Anatoly Ivanovich Kovler (Анатолий Иванович Ковлер, born 26 August 1948) is a Tajikistani-born Soviet and Russian jurist and legal scholar who has served as judge of the European Court of Human Rights in respect of Russia. His term expired on 31 October 2012.

==Early life and education==
Kovler was born in Sari-Khassar, Tajikistan, then part of the Soviet Union. In 1966, he began studying at the Moscow State Institute of Foreign Relations (MGIMO), the diplomatic school of the Ministry of Foreign Affairs of the Soviet Union, and graduated in 1971. He completed postgraduate studies at the Institute of the International Workers' Movement at the Academy of Sciences of the Soviet Union. In 1978, he defended his Candidate of Sciences (Ph.D. equivalent) thesis titled "Bourgeois Parties of the Fifth Republic and the Working-Class Electorate in France, 1958–1978: Methods of Influence by French Bourgeois Parties on the Working-Class Electorate".

==Career==
From 1979, Kovler worked at the Comparative Law Center of the Institute of State and Law of the Academy of Sciences of the Soviet Union and later the Russian Academy of Sciences, being promoted in 1985 to professor of law and awarded the title of doctor of law in 1991. Between 1988 and 1992, he taught at the Faculty of Sociology at the Moscow State University and MGIMO, and from 1992 to 1995 at the Presidential Academy of Public Administration. In 1991, he defended his Doctor of Sciences (habilitation) thesis titled "Historical Forms of Democracy: Issues of Political and Legal Theory".
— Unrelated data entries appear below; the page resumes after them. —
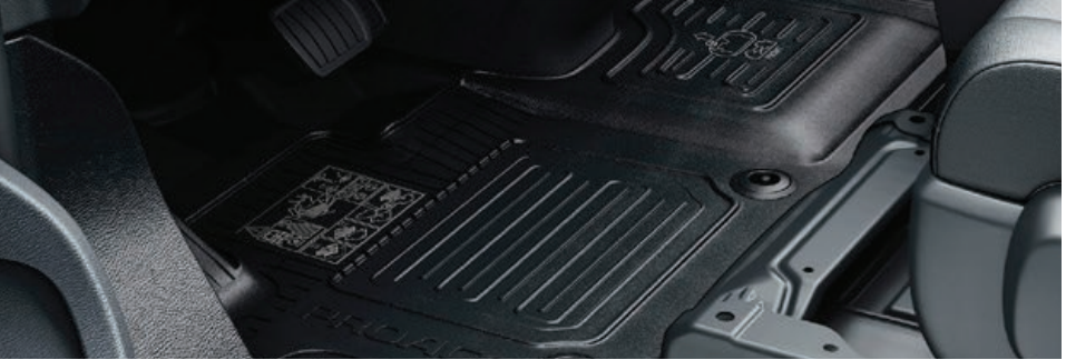
RUBBER FLOOR MATS The ultimate floor protection against mud, water, dirt and grime.
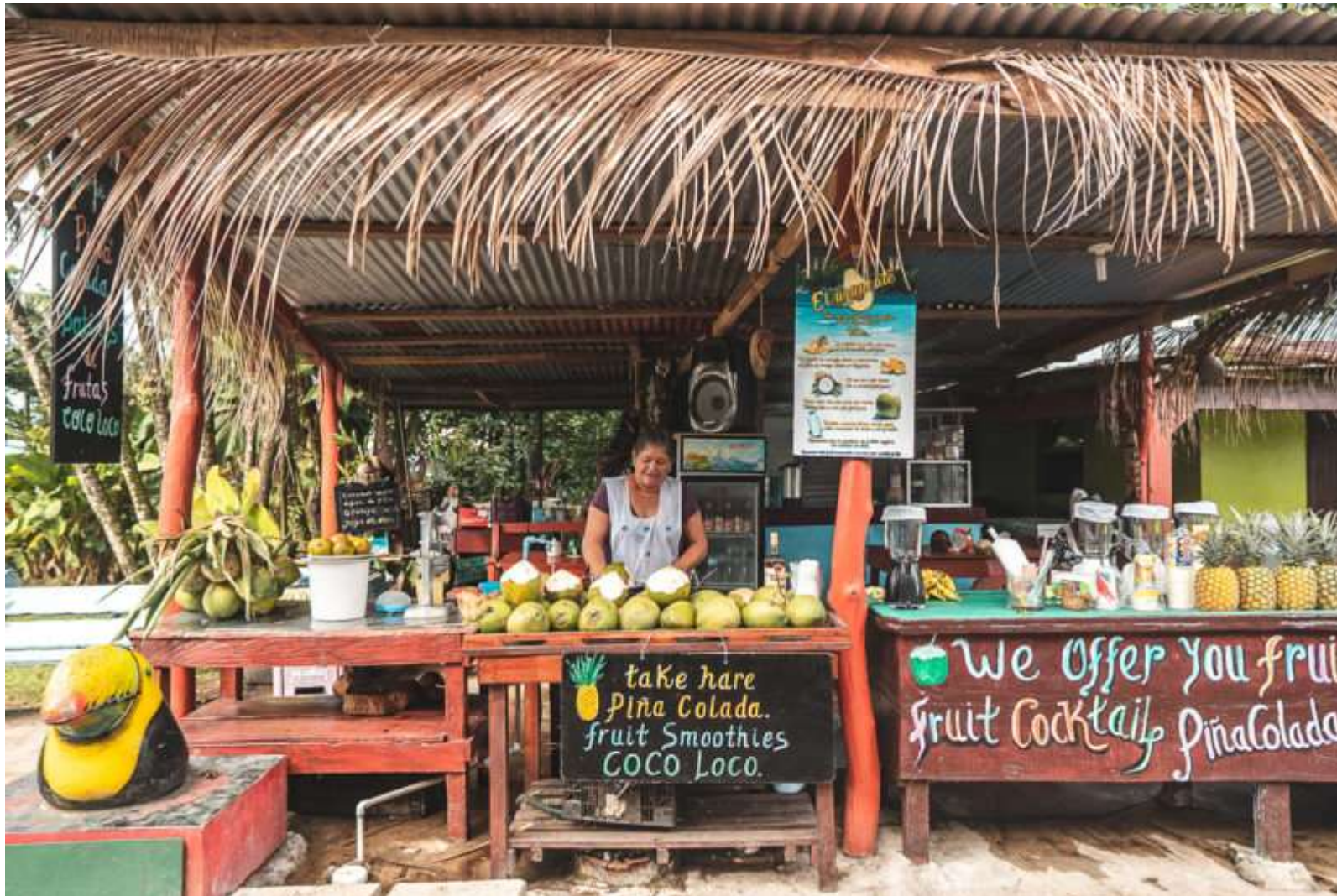
Where to stay in
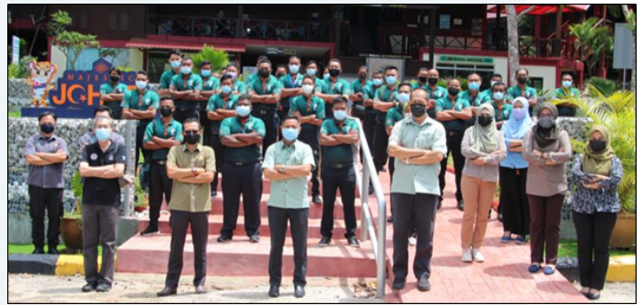
Group photo with newly recruited BP3 patrollers in Johor State

The work in Malaysia focuses on the Endau-Rompin Landscape (ERL), one of three priority areas for tigers and elephants in the country. The recent government initiative 'BP3' has enabled dozens of new patrol teams to be deployed nationwide, made up of indigenous people supported by veteran armed forces personnel. This program is one of the most significant initiatives for on-the-ground protection of wildlife in the country, sorely needed to curb the threat of poaching, especially by Indochinese syndicates.
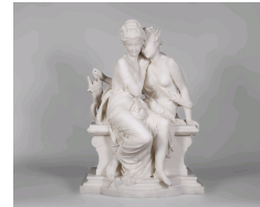
Carrier-Belleuse, The Secret, 1872-1874, Marc Maison Gallery.
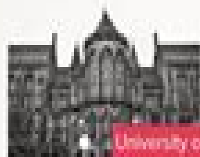
University of Glasgow
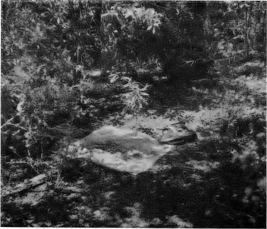
FIG. 7. "Jungle" path behind Rolle's on Sampson's ridge. Sifting for small insects.

Another daytime collecting area on South Bimini was the northeastern shore, but it could be visited at high tide only, as the bay water was too shallow for the outboard motor at other times. Much of this coast is rimmed with mangrove, but a rocky
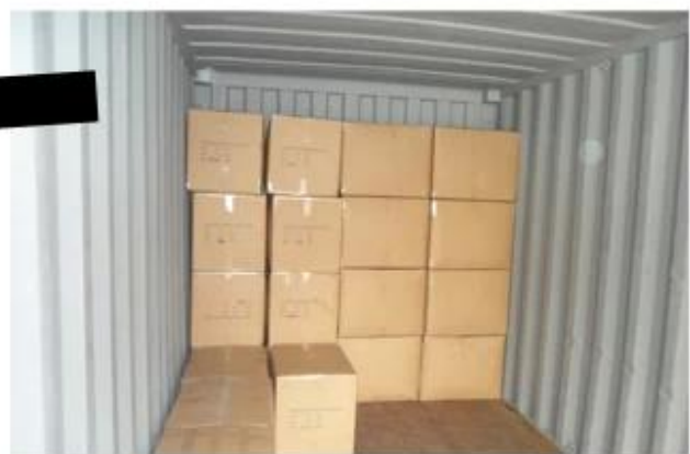
loaded in container

FAQ of Composite Blue Waterproof Disposable Table Cloths
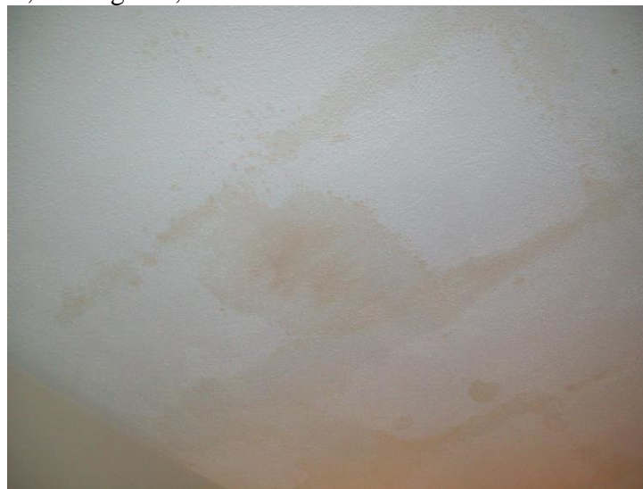
Music room adjacent to master bedroom.
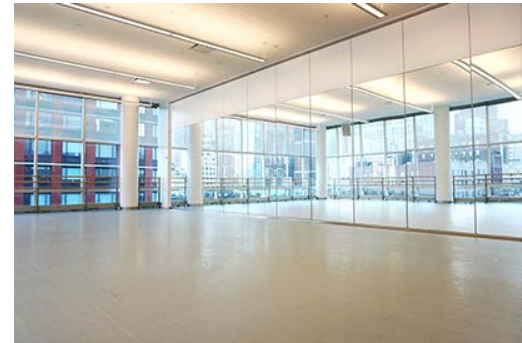
Modernfold Encore 14 ft. mirrored panels – closed

With mirrors applied, each of the twelve steel Encore panels weigh about 900 lbs. Although heavy and structurally robust, the panels glide effortlessly on the structural steel-supported ceiling track with no floor tracks required.
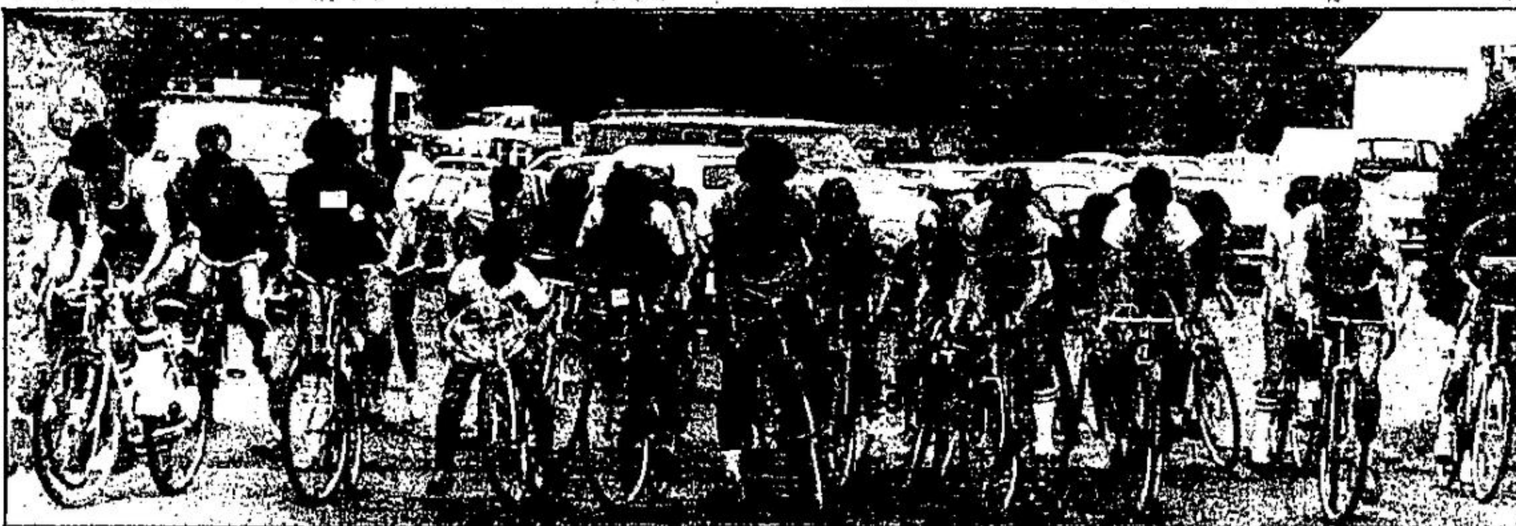
The bikers begin to roll out of the park Sunday morning at the Y's Men's annual Blathlon.
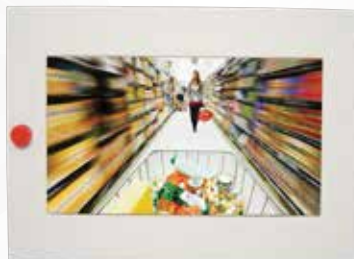
Clegg POP Paper Wrap Video Players (2.4", 4.3" & 7" screens... Custom Shape Wraps)
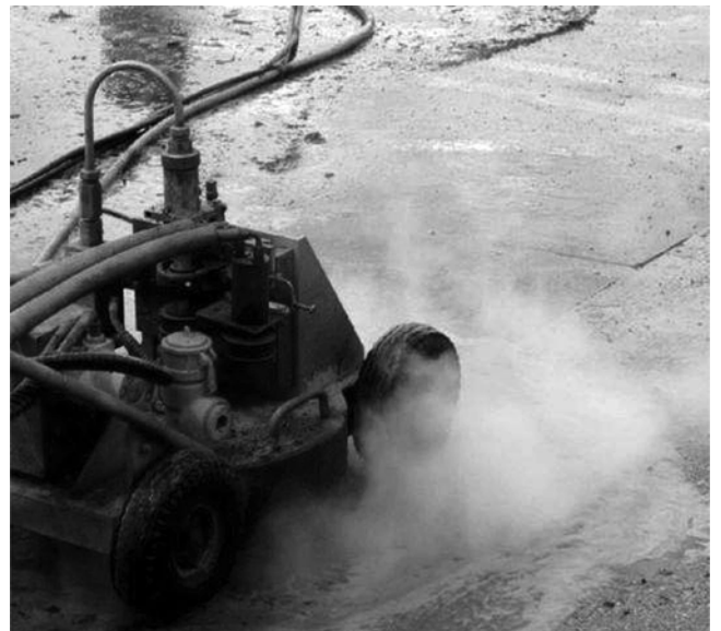
Fig. 6—Hydrodemolition mower.

Hydrodemolition equipment consists of high-pressure pumps (Fig. 4); self-propelled robotic units to hold and maneuver the water jet (Fig. 5); small push or self-propelled units (mowers) used for small removal areas (Fig. 6); and hand lances (Fig. 7). The robotic units move the water jet uniformly over the surface. Where the concrete quality is consistent, the removal will be uniform and result in a finished surface profile amplitude approximately the size of the coarse aggregate. Travel speed of the unit can be adjusted to control the overall amount and depth of removal. The
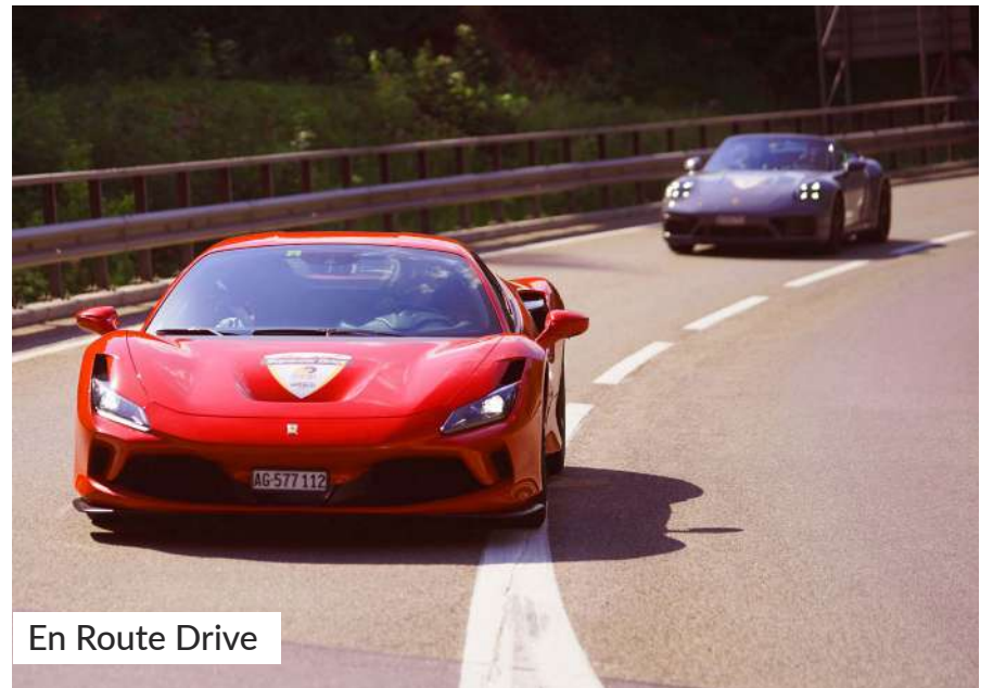
En Route Drive
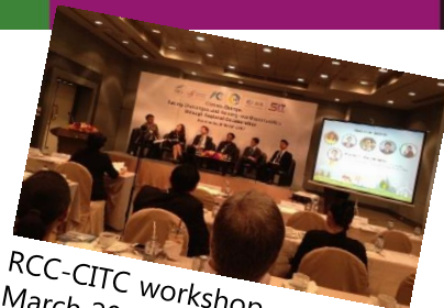
RCC-CITC workshop, March 2017
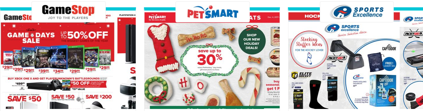
Washington Times-Herald Events
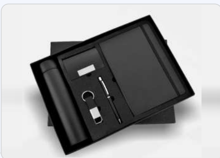
5 in 1 Black Temperature Bottle, Diary, Pen, Keychain & Cardholder
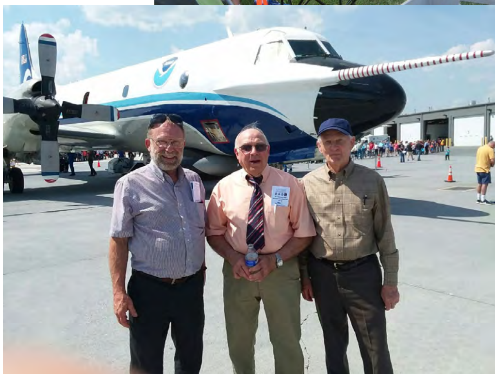
Posing in front of the NOAA jet

From 1991 to 1993, he served as an expert for the Russian Constitutional Court, contributing to the drafting of the 1993 Constitution of Russia, as well as legislative projects on political parties and electoral law. In 1994, he was awarded the title of Honoured Lawyer of Russia.

In 1999, he was elected by the Parliamentary Assembly of the Council of Europe to succeed Vladimir Tumanov as the judge of the European Court of Human Rights in respect of Russia. He was vice-president of its first section. His term at the court expired on 31 October 2012.

After leaving the ECtHR in 2013, he became an advisor to the Constitutional Court of Russia, holding the rank of State Counselor of Justice, 1st Class, and joined the Judiciary Department at the Higher School of Economics, chairing the department until 2018. He teaches courses on International Justice, Issues in Judicial Application of Law, and Rule of Law and Uniformity in Judicial Practice, while supervising postgraduate research.

From 2013 to 2018, Kovler taught constitutional law at the Faculty of Law at Moscow State University, delivering a specialized course on the European Court of Human Rights. Since 2016, he has worked at the Institute of Legislation and Comparative Law under the Government of Russia as head of the Center for International Law and Comparative Legal Studies.

In May 2016, Kovler was appointed by President Vladimir Putin as the second (alternate) member of the Venice Commission of the Council of Europe on behalf of Russia (the primary member being Taliya Habrieva). Russia's membership in the Venice Commission was terminated in March 2022.

In December 2018, he was appointed to the Presidential Council for Civil Society and Human Rights.

In July 2023, he was elected by the Federation Council as a member of the Russia's High Qualification Board of Judges.